Structure of hexagonal turkey egg-white lysozyme at 1.65Å resolution

The structure of hexagonal turkey egg-white lysozyme (TEWL) has been determined and refined at 1.65 Å resolution. The crystals were grown from a 150 mM potassium thiocyanate solution at pH 4.5 and belong to space group P6₁22 with unit-cell dimensions a = b = 70.96, c = 83.01 Å α = β = 90, γ = 120°. The crystals were isomorphous with those of hexagonal pH 8.0 TEWL. The coordinates of PDB entry code 3LZ2 were therefore used as the initial model and subjected to rigid-body refinement, simulated annealing and least-squares refinement to a final residual of 0.20. The root-mean-square deviations from the ideal bond distances and angles were 0.016 Å and 2.2°, respectively. During the refinement, 86 water molecules and one thiocyanate ion were located in the structure. The thiocyanate ion lies close to the interface between two symmetry-related molecules.

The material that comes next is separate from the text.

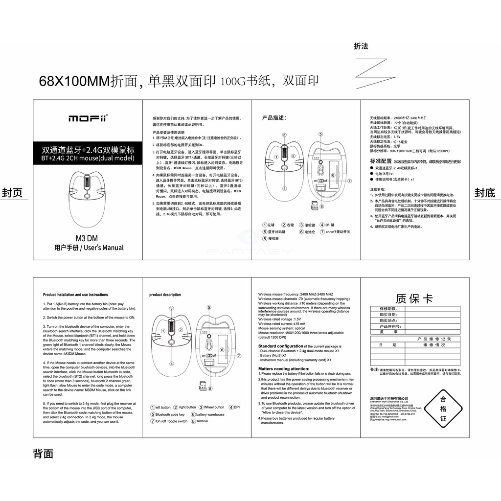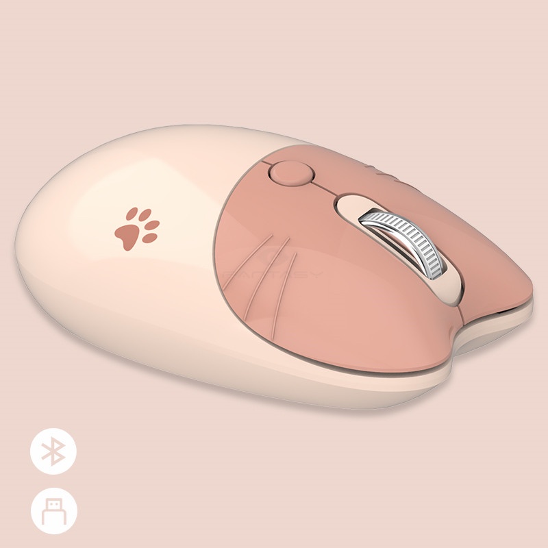 MOFii M3DM USB Bluetooth Dual-mode Wireless Mouse Kitty Cat Shape Cute Mute Office Mice Gaming Mouse
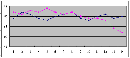 這是兩個(gè)座席員每天的通話利用率,橫軸是這個(gè)月從1號開始到14號,縱軸是通話利用率,藍(lán)色這位的平均通話利用率在70左右,粉紅色這位的平均通話利用率也是在70左右,但上下震蕩的很厲害,月初表現(xiàn)的很好,但從月中開始,通話利用率就一直明顯的下降。

The S atom of the ion forms two direct intermolecular contacts with Argl4 and interacts indirectly via a network of water molecules to Arg5 of a symmetry-related molecule. The structure provides direct evidence for the mode of thiocyanate binding to arginine residues and suggests a possible mechanism for the efficiency of thiocyanate in crystallizing basic proteins.